2.1 Probability Review

A random variable is any variable whose value cannot be predicted exactly. A few examples:

The message you get in a fortune cookie is a random variable.
The time you spend searching for your keys after you’ve misplaced them is a random variable.
The number of customers who enter a small retail store on a given day is a random variable.

Some random variables are discrete while others are continuous. What’s the difference? Discrete random variables are counted like the number of M&M’s you have, while continuous random variables are measured like how heavy your bag of candy is. Discrete random variables take on a small number of possible values, while continuous random variables can take on an infinite number of possible values.

Exercise 1: Which of these might be best modeled as discrete?

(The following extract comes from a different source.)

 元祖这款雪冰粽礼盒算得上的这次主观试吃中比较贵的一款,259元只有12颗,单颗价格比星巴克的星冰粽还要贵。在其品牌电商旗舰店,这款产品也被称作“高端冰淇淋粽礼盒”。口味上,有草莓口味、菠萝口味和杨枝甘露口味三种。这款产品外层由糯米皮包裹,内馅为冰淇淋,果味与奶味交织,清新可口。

The number of likes you get on a social media post
The weight of a truck
The number of customers who enter a small retail store on a given day
The height of a child
The speed of a train

Answers:

Exercise 2: Let X be the random variable “the number of likes you get on a social media post”. Suppose that you get 0-4 likes per post each with equal probability. Fill out Table 9.1 below.

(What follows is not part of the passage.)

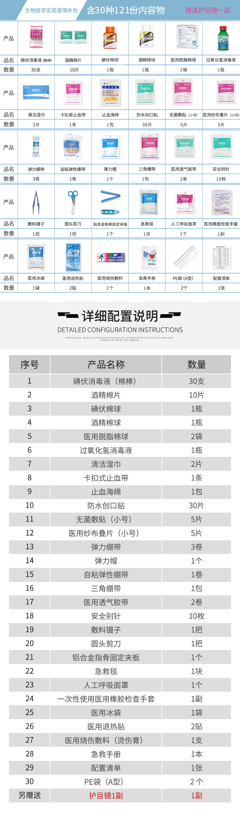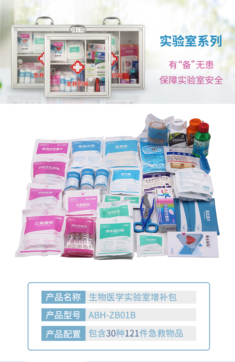 爱备护 生物医学实验室急救药箱增补包 配置齐全 ABH-ZB01B 含31种122件急救用品 透明色

Table 9.1: Number of Likes on Social Media: Potential Outcomes and Probabilities

\(x_i\)	0	1	2	3	4
\(p_i\)	__	__	__	__	__

Answers:

\(x_i\)	0	1	2	3	4
\(p_i\)

Exercise 3: Continuing from exercise 2, calculate the expected number of likes you get on a social media post \(E[X]\).

Answer:

\(E[x_i] = \sum_i x_i p_i =\)

Exercise 4: Consider the discrete random variable \(X\), which represents “the number of customers who enter a retail store each hour”. The possible values for \(X\) range from 0 to 4 customers. The probabilities follow a halving pattern: if we let \(p_0 = \frac{16}{31}\) be the probability that 0 customers enter, then \(p_1 = \frac{p_0}{2}\) is the probability that 1 customer enters, \(p_2 = \frac{p_1}{2}\) is the probability that 2 customers enter, and so on. First, verify that these probabilities sum to 1. Second, calculate the expected number of customers who enter the store each hour, \(E[X]\). Solve this by using vectors in R.

Answer:

# probs <- c(___)
# sum(probs)
# sum(probs * 0:4)

Expected Value Rules

Here are some math rules about the way expected values work. Let \(X\), \(Y\), and \(Z\) be random variables and let \(b\) be a constant.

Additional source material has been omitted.